Negative Folgen hat die Massentierhaltung Experten zufolge auch für die Umwelt und den Menschen. Das Ausbringen der Gülle auf den Feldern führt zu einer Belastung des Grundwassers mit Stickstoff. Dies wiederum kann mitunter sogar ernste Folgen haben. „Bei Neugeborenen kann mit Stickstoff belastetes Wasser zur Blausucht oder Zyanose führen. Dabei verfärbt sich die Haut der Kinder blau, ein Zeichen dafür, dass ihr Blut nicht mehr genügend Sauerstoff transportieren kann“, erläutert Matthias Freude, Präsident des brandenburgischen Landesamtes für Umwelt, Gesundheit und Verbraucherschutz (Lugv). In einigen Teilen Niedersachsens, das zu den deutschen Hochburgen der Massentierhaltung gehört, müsse deshalb das Trinkwasser bereits über mehrere Hundert Kilometer weit aus dem Harz herangeholt werden, so Freude.

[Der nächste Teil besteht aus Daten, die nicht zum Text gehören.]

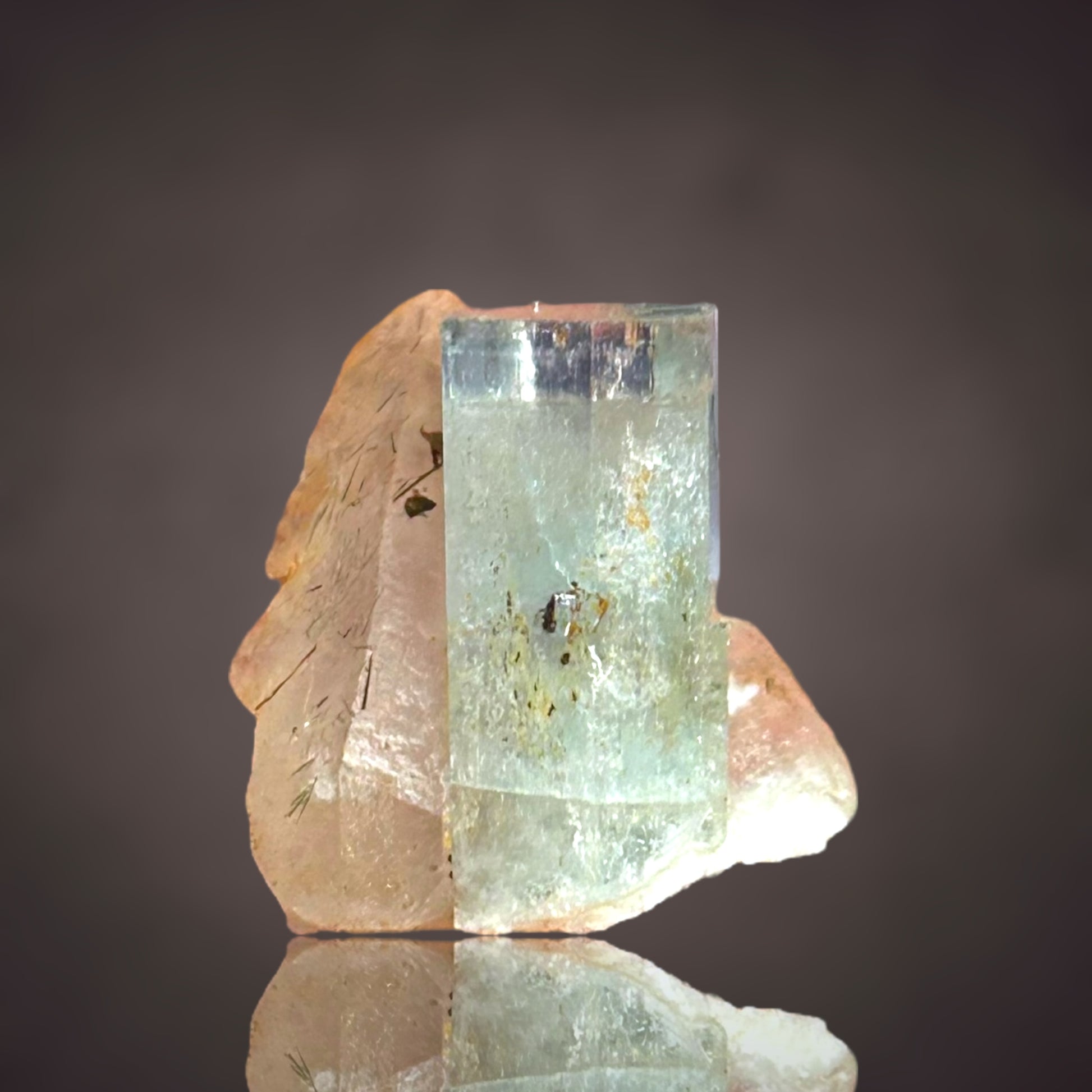 🇩🇪 Wunderschöner Aquamarin X, gemmy und brilliante, intakte Endfläche, an Quarz.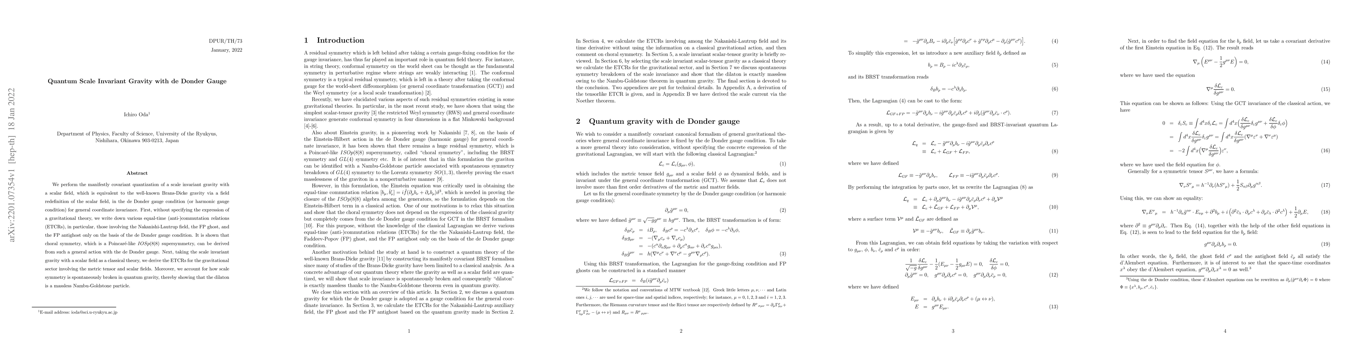 This paper quantizes scale invariant gravity with a scalar field in the de Donder gauge, deriving equal-time commutation relations and showing that choral symmetry emerges. It also demonstrates spontaneous breaking of scale symmetry, resulting in a massless Nambu-Goldstone dilaton.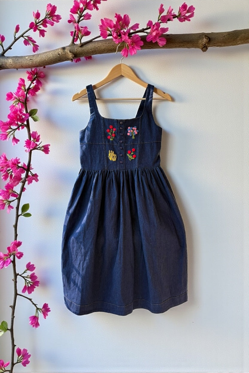Slip into effortless charm with the Fiore Hand-Embroidered Strappy Denim Dress in Blue. This playful piece features delicate hand-embroidered details that transform classic denim into wearable art. The adjustable straps offer a customizable fit, while the timeless blue wash pairs perfectly with everything in your wardrobe. Whether you're dressing up for a night out or keeping it casual, Fiore brings personality and comfort to your everyday style. A versatile staple that celebrates handcrafted beauty.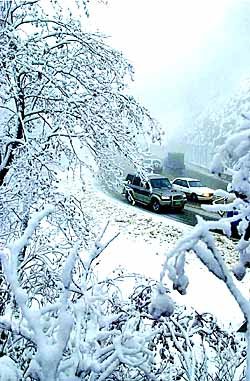 16日,江原道岭东的山间地区拉响大雪警报后,大雪纷纷而下.来往于岭东高速公路大关岭区间的车辆在结冰的道路上只能以乌龟爬行的速度前进.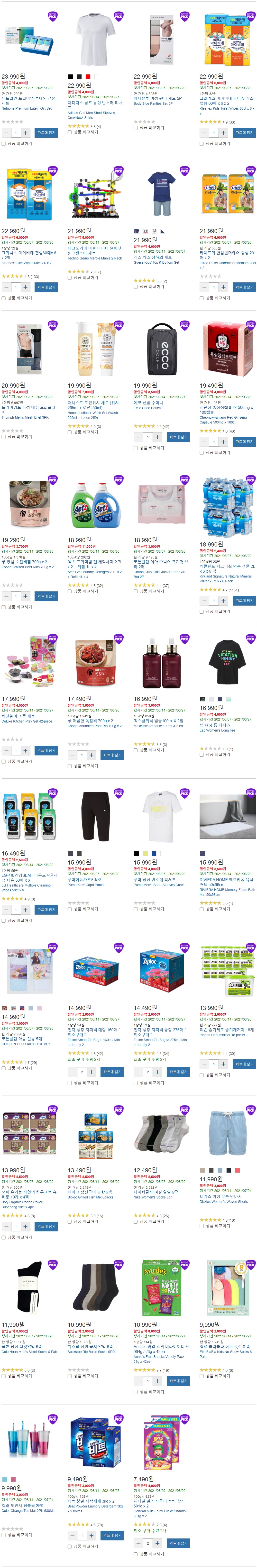 삼성 벽걸이 에어컨, LG 휘센 벽걸이 에어컨, 틸만 하이라이트, 세이코 시계, 휘슬러 압력솥, 쿠첸 밥솥, 덴비 식기세트, 레고, 컬럼비아 바지, 크리넥스 키친타월, 버켄스탁, 종근당건강 유산균, 크리넥스 마이비데, 커클랜드 생수, 푸마 티셔츠, 비비고 생선구이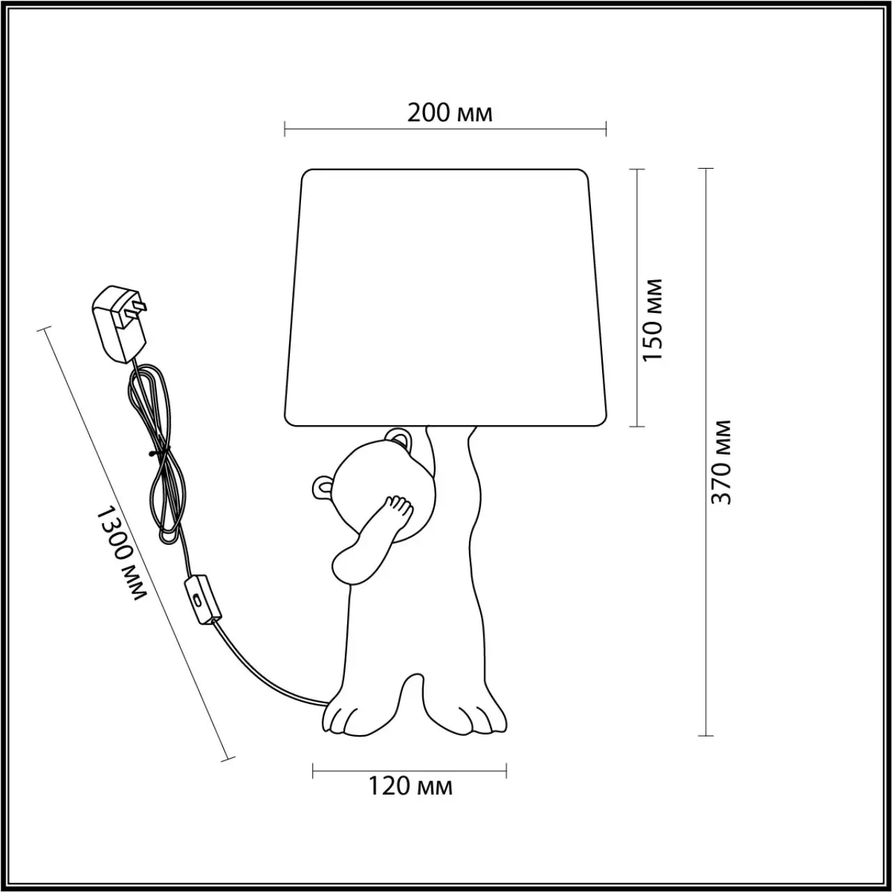 Артикул: 5663/1T; 0046511; Бренд: Lumion; Коллекция: MODERNI; Линия: BEAR; Стиль: Modern; Назначение: Настольная лампа; место размещения: в детскую; в спальню; Степень защиты: IP20; Площадь освещения, м2: 2; Напряжение питания, V: 220; Класс защиты: 2; Класс электро-безопасности: II; Температурный режим: 0...+40; Количество ламп: 1; Тип ламп: накаливания, Накаливания; Тип цоколя: E14; Мощность ламп, W: 40; Max мощность лампы, W: 40; Общая мощность, W: 40; Материал каркаса: Полирезин, полирезин; Материал плафона: текстиль, Текстиль; Поверхность каркаса: матовый; Поверхность плафона: матовый; Цвет: белый; Цвет каркаса: белый, Белый; Цвет плафона: белый, Белый; Тип выключателя: выключатель на шнуре; Гарантия, мес: 30; высота: 370; Диаметр, мм: 200; Вес, кг: 0,965; Вес упаковки, кг: 1,300; Длина упаковки, см: 43; Ширина упаковки, см: 42.5; Высота упаковки, см: 58.5; Объем упаковки, м3: 0,01235; Штрихкод: 4690344131254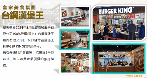 公司分別於2021年及2024年5月取得台中知名宴會百匯品牌-潮港城之經營權以及台鋼漢堡王Burger King之特許經營權。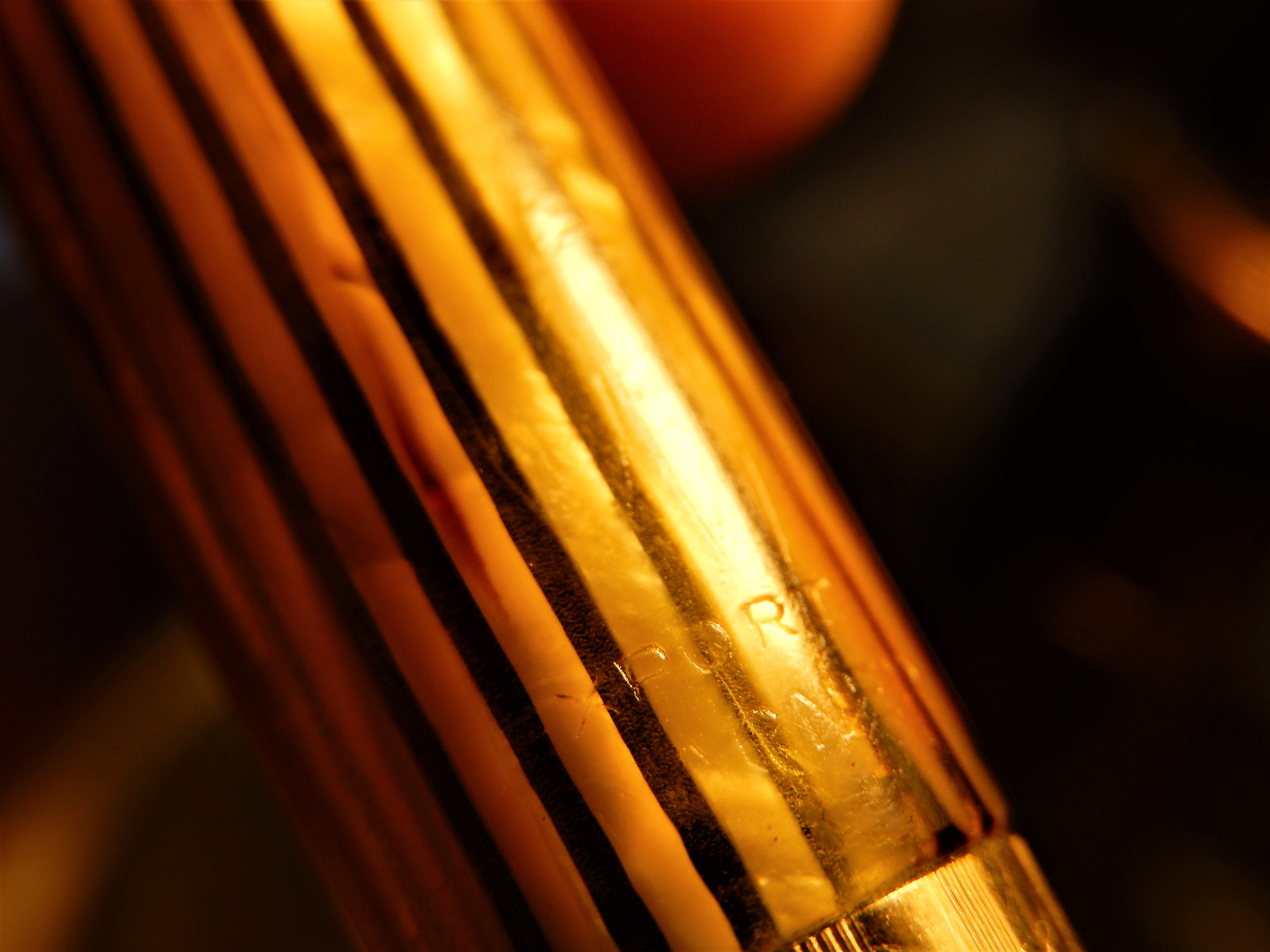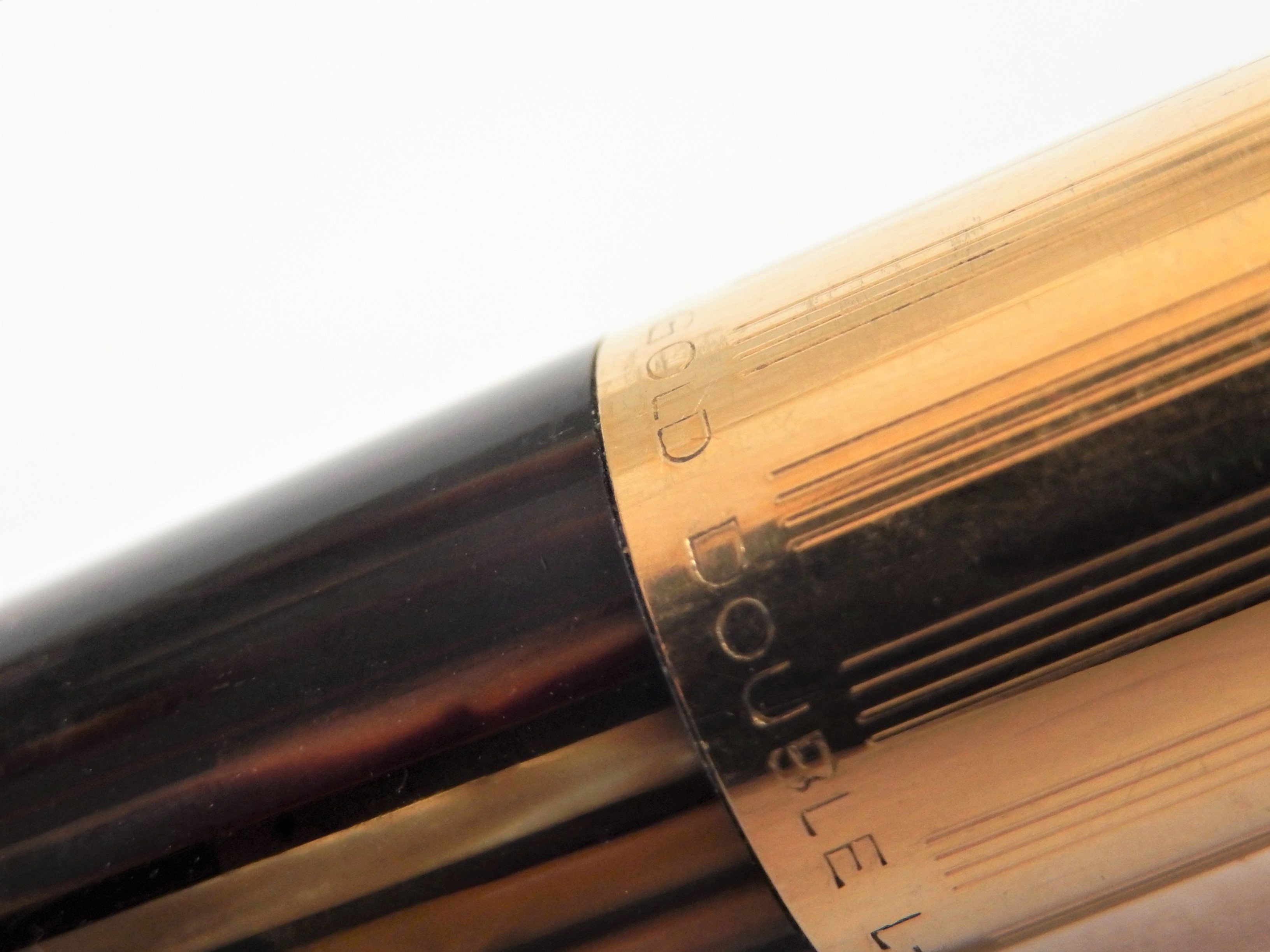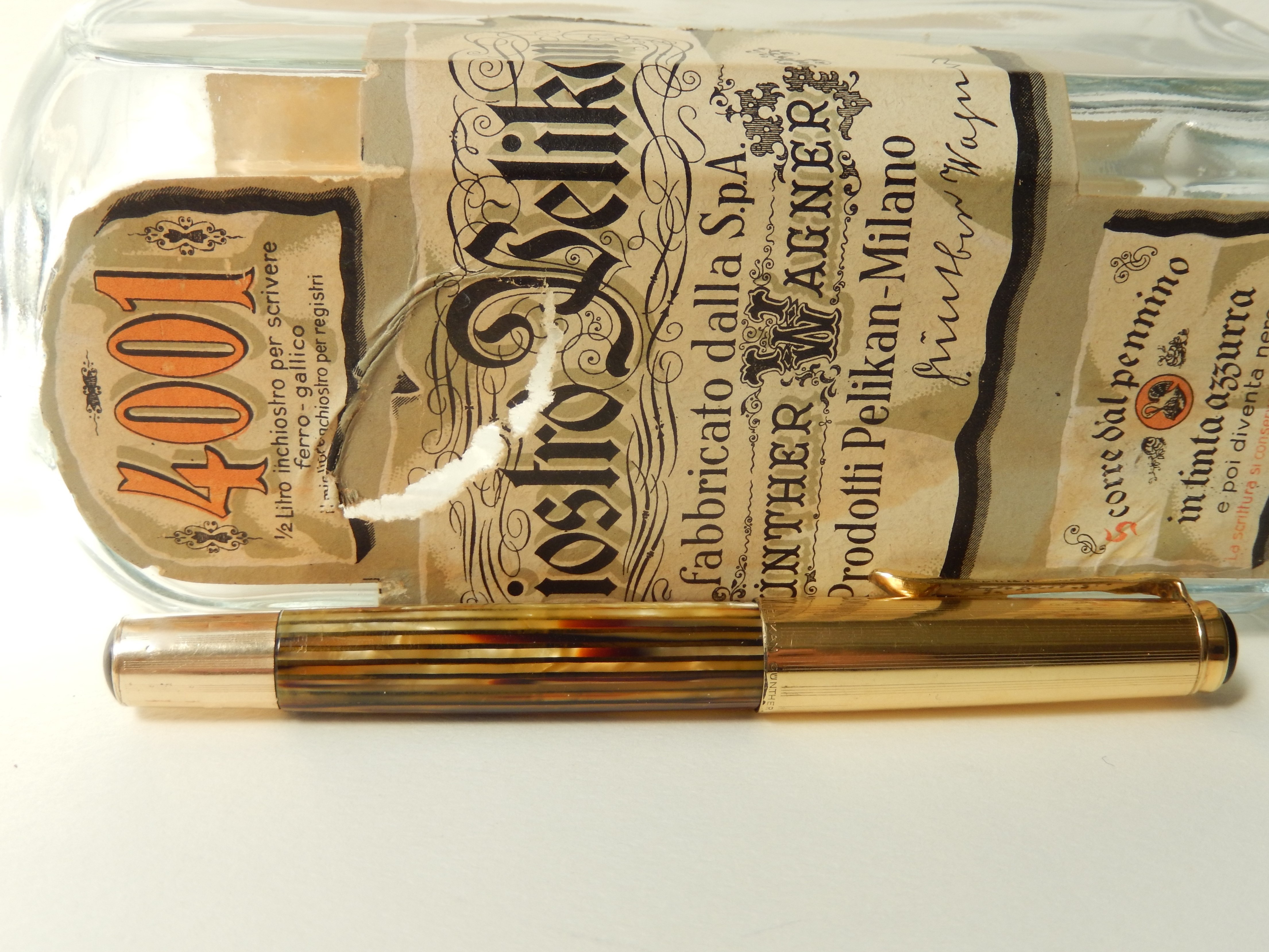 Sul labbro del cappuccio si legge " Pelikan Doublé L Pelikan Gunther Wagner", dove doublé sta ad indicare una apposizione di oro 585 su una base di ottone, mentre credo che la L stia per "Laminat", con una lavorazione che doveva garantire un qualcosa di molto più duraturo rispetto ad una semplice doratura . Sul corpo, di una bellissima trasparenza, troviamo la scritta " Gunther Wagner" sovrastata dall'indicazione "Export" Si trovano anche esemplari con altre scritte, come " Gunther Wagner Germany" o " Pelikan 500 Gunther Wagner Germany" La penna era in catalogo a 38 marchi, quando una 400 veniva venduta a 25 marchi ed una 120 a 7,60.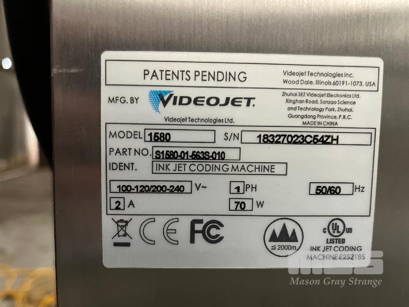 VIDEOJET INKJET CODING MACHINE, MOD: 1580, S/NO: 18327023C54ZH 240V ON STAINLESS STEEL TROLLEY

In Brandenburg gibt es zahlreiche Bürgerinitiativen, die versuchen, geplante Großmast- oder -zuchtbetriebe in ihrer Nähe zu verhindern. Erst kürzlich wurde eine Schweinemastanlage für 36 000 Tiere trotz langjähriger Proteste genehmigt. In Steinhöfel (Oder-Spree) kämpfen Anwohner wie berichtet gegen eine Mastanlage mit Platz für knapp 450 000 Hähnchen. In Gumtow (Prignitz) stoßen Pläne für eine Anlage mit 400 000 Hühnern auf Widerstand. Insgesamt wurden in diesem Jahr vom Landesumweltamt bereits 162 000 zusätzliche Tierplätze in der Hähnchenmast genehmigt, Anträge für weitere rund 1,1 Millionen Plätze warten noch auf ihre Bearbeitung.